◆ To do
Could you write out the listing below exactly as it stands, leaving out the pictures?

◆ Material provided
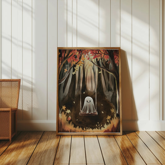 Spooky Ghost on Swing in Autumn Forest Art Posters
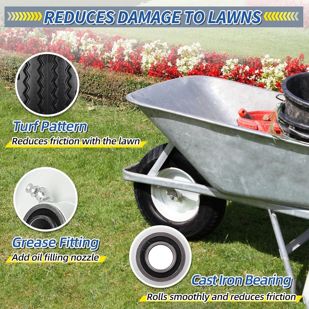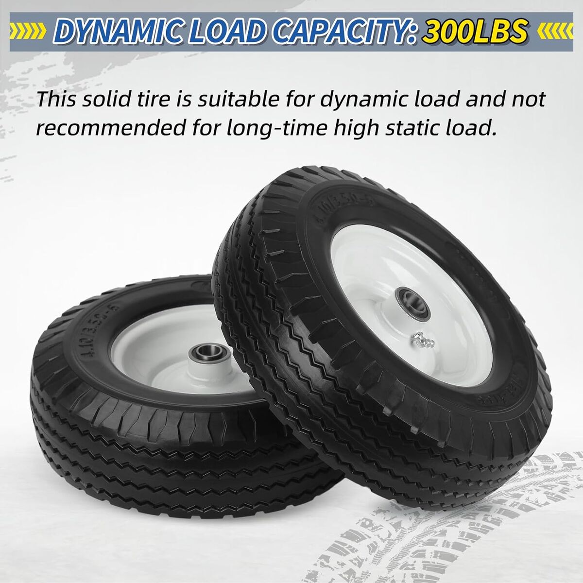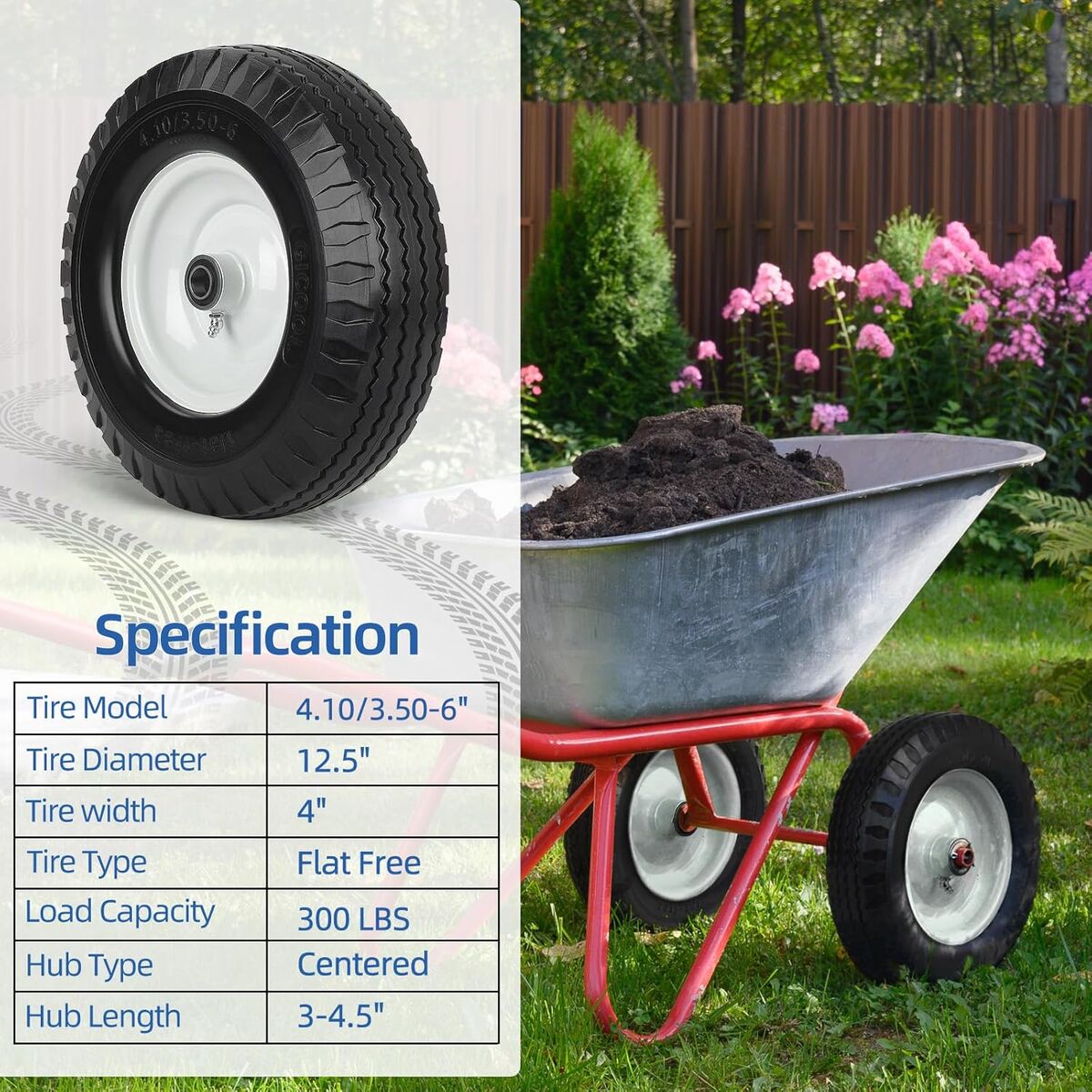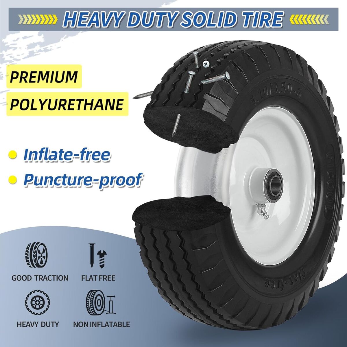 4.10/3.50-6 Flat Free Tire and Wheel, with 3"-3.5''-4.0''-4.5'' Centered Hub, and 3/4" & 5/8" Bearings, Replacement for Lawn Mower, Hand Truck/All Purpose Utility Tire on Wheel, (2 Pack)
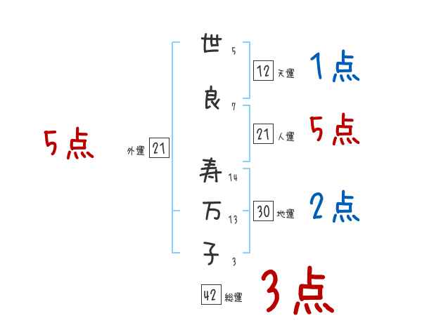 人運![]() | 世良寿万子さんの人運は21画の5つ星!統率力がある。独立し成功する。名誉を手に入れる。 性格や才能などを表す2番目に重要な運勢です。人間関係や協調性、社会的な成功に影響します。主に20歳から50歳ぐらいまでの中年期の運勢を表します。 |
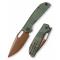 Couteau Trivisa Gecko-GM Lame Acier 14C28N Rose Gold PVD Manche Green Micarta Linerlock TVJM04GM14
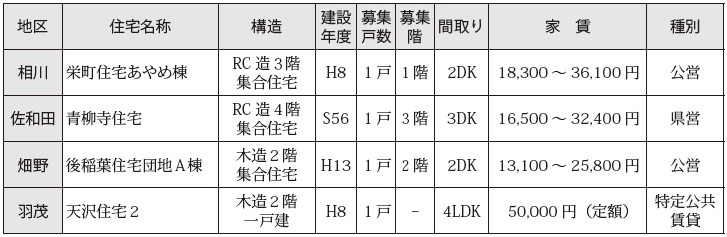 申込み:建築住宅課(本庁第2庁舎3階)、各支所産業建設係および各行政サービスセンター地域支援係
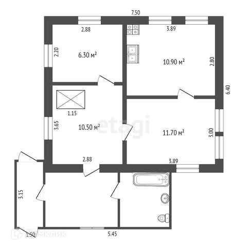 Общая площадь 85.7 м2
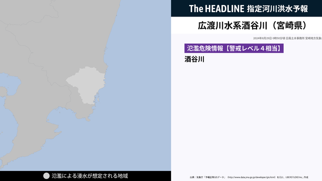 8月29日0時50分、日南土木事務所と宮崎地方気象台は、広渡川水系酒谷川で氾濫危険水位に到達し、氾濫の恐れがあると発表した。

◆ Completed exercise
 Spooky Ghost on Swing in Autumn Forest Art Posters
 4.10/3.50-6 Flat Free Tire and Wheel, with 3"-3.5''-4.0''-4.5'' Centered Hub, and 3/4" & 5/8" Bearings, Replacement for Lawn Mower, Hand Truck/All Purpose Utility Tire on Wheel, (2 Pack)
 人運![]() | 世良寿万子さんの人運は21画の5つ星!統率力がある。独立し成功する。名誉を手に入れる。 性格や才能などを表す2番目に重要な運勢です。人間関係や協調性、社会的な成功に影響します。主に20歳から50歳ぐらいまでの中年期の運勢を表します。 |
 Couteau Trivisa Gecko-GM Lame Acier 14C28N Rose Gold PVD Manche Green Micarta Linerlock TVJM04GM14
 申込み:建築住宅課(本庁第2庁舎3階)、各支所産業建設係および各行政サービスセンター地域支援係
 Общая площадь 85.7 м2
 8月29日0時50分、日南土木事務所と宮崎地方気象台は、広渡川水系酒谷川で氾濫危険水位に到達し、氾濫の恐れがあると発表した。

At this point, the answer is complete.